What is required =>
Reproduce verbatim the lines of the material below, starting at the line with "The no-load back" and ending at the line with "欧元区整个低利率周期,大类资", both inclusive; skip the rest.

Working data =>

----

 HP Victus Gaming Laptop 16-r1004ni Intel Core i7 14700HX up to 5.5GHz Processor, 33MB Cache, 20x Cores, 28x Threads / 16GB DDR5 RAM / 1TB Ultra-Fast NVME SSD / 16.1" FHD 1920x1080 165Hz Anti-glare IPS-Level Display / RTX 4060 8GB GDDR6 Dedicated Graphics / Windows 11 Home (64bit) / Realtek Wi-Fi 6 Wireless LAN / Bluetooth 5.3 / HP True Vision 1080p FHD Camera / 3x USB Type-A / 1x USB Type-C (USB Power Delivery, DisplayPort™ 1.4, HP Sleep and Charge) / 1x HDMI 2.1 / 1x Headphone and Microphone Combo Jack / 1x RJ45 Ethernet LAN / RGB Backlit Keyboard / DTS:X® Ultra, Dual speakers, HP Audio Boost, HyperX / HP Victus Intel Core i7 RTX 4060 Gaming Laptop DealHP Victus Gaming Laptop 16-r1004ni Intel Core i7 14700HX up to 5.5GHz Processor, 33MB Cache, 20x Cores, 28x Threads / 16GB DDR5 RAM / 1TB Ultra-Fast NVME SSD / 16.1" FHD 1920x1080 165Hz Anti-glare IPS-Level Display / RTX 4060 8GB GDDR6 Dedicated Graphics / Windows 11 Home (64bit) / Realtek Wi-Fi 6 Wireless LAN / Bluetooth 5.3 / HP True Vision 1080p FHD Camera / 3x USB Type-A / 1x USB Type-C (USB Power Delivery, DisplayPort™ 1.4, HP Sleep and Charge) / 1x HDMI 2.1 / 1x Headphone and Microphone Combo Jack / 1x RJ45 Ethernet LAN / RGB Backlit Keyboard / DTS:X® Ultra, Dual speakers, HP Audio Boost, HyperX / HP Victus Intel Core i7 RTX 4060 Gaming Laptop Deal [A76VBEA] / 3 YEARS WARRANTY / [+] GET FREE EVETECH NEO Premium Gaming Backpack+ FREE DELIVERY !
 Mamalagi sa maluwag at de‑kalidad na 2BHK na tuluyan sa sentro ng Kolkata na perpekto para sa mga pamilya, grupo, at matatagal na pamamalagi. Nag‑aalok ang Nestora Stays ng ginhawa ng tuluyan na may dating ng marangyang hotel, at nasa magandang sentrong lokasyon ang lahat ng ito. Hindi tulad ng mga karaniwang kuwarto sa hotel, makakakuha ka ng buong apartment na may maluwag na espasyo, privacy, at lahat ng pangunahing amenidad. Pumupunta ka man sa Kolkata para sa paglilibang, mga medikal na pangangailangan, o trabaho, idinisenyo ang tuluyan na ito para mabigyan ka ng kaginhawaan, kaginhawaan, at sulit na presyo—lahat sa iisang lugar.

----

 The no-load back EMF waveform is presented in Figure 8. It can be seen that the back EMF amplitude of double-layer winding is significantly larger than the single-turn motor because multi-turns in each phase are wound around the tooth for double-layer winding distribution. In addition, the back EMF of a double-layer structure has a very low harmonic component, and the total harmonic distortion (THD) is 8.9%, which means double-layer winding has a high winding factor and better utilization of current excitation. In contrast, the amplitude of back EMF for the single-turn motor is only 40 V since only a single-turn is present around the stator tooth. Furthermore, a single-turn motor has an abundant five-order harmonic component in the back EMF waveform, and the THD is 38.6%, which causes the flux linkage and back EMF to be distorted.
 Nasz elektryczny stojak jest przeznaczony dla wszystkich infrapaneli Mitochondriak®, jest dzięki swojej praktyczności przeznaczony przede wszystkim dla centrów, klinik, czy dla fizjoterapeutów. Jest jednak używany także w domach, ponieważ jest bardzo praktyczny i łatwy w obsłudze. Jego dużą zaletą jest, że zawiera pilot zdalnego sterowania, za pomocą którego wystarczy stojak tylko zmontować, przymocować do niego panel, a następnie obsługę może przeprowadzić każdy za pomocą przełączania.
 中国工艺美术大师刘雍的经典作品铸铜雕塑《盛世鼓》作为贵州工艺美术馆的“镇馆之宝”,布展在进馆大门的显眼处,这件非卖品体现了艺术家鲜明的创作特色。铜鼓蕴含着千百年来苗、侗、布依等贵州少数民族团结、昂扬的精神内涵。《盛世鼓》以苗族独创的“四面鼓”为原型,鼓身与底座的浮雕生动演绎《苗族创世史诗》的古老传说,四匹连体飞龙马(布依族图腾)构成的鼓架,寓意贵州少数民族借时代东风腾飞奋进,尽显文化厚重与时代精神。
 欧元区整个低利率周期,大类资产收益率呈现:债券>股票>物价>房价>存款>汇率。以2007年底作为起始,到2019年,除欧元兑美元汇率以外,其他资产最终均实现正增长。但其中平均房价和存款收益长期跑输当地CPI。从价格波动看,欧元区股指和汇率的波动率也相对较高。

----

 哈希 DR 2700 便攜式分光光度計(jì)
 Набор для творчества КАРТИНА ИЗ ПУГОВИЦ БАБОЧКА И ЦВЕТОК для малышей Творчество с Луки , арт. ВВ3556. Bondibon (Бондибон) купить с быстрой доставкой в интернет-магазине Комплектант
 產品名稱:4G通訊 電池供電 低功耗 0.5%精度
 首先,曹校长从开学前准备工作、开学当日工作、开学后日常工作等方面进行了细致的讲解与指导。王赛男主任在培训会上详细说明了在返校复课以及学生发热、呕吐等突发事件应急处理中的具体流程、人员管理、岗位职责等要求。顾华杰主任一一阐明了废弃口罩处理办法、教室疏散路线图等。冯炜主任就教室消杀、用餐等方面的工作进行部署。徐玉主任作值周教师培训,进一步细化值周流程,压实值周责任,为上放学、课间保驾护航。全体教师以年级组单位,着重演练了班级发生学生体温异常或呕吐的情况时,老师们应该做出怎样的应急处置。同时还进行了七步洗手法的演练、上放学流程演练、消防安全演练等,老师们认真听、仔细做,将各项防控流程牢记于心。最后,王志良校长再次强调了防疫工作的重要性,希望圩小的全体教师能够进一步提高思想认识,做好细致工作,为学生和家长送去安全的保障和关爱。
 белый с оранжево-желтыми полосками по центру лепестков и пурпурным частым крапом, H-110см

----

Answer section =>
 The no-load back EMF waveform is presented in Figure 8. It can be seen that the back EMF amplitude of double-layer winding is significantly larger than the single-turn motor because multi-turns in each phase are wound around the tooth for double-layer winding distribution. In addition, the back EMF of a double-layer structure has a very low harmonic component, and the total harmonic distortion (THD) is 8.9%, which means double-layer winding has a high winding factor and better utilization of current excitation. In contrast, the amplitude of back EMF for the single-turn motor is only 40 V since only a single-turn is present around the stator tooth. Furthermore, a single-turn motor has an abundant five-order harmonic component in the back EMF waveform, and the THD is 38.6%, which causes the flux linkage and back EMF to be distorted.
 Nasz elektryczny stojak jest przeznaczony dla wszystkich infrapaneli Mitochondriak®, jest dzięki swojej praktyczności przeznaczony przede wszystkim dla centrów, klinik, czy dla fizjoterapeutów. Jest jednak używany także w domach, ponieważ jest bardzo praktyczny i łatwy w obsłudze. Jego dużą zaletą jest, że zawiera pilot zdalnego sterowania, za pomocą którego wystarczy stojak tylko zmontować, przymocować do niego panel, a następnie obsługę może przeprowadzić każdy za pomocą przełączania.
 中国工艺美术大师刘雍的经典作品铸铜雕塑《盛世鼓》作为贵州工艺美术馆的“镇馆之宝”,布展在进馆大门的显眼处,这件非卖品体现了艺术家鲜明的创作特色。铜鼓蕴含着千百年来苗、侗、布依等贵州少数民族团结、昂扬的精神内涵。《盛世鼓》以苗族独创的“四面鼓”为原型,鼓身与底座的浮雕生动演绎《苗族创世史诗》的古老传说,四匹连体飞龙马(布依族图腾)构成的鼓架,寓意贵州少数民族借时代东风腾飞奋进,尽显文化厚重与时代精神。
 欧元区整个低利率周期,大类资产收益率呈现:债券>股票>物价>房价>存款>汇率。以2007年底作为起始,到2019年,除欧元兑美元汇率以外,其他资产最终均实现正增长。但其中平均房价和存款收益长期跑输当地CPI。从价格波动看,欧元区股指和汇率的波动率也相对较高。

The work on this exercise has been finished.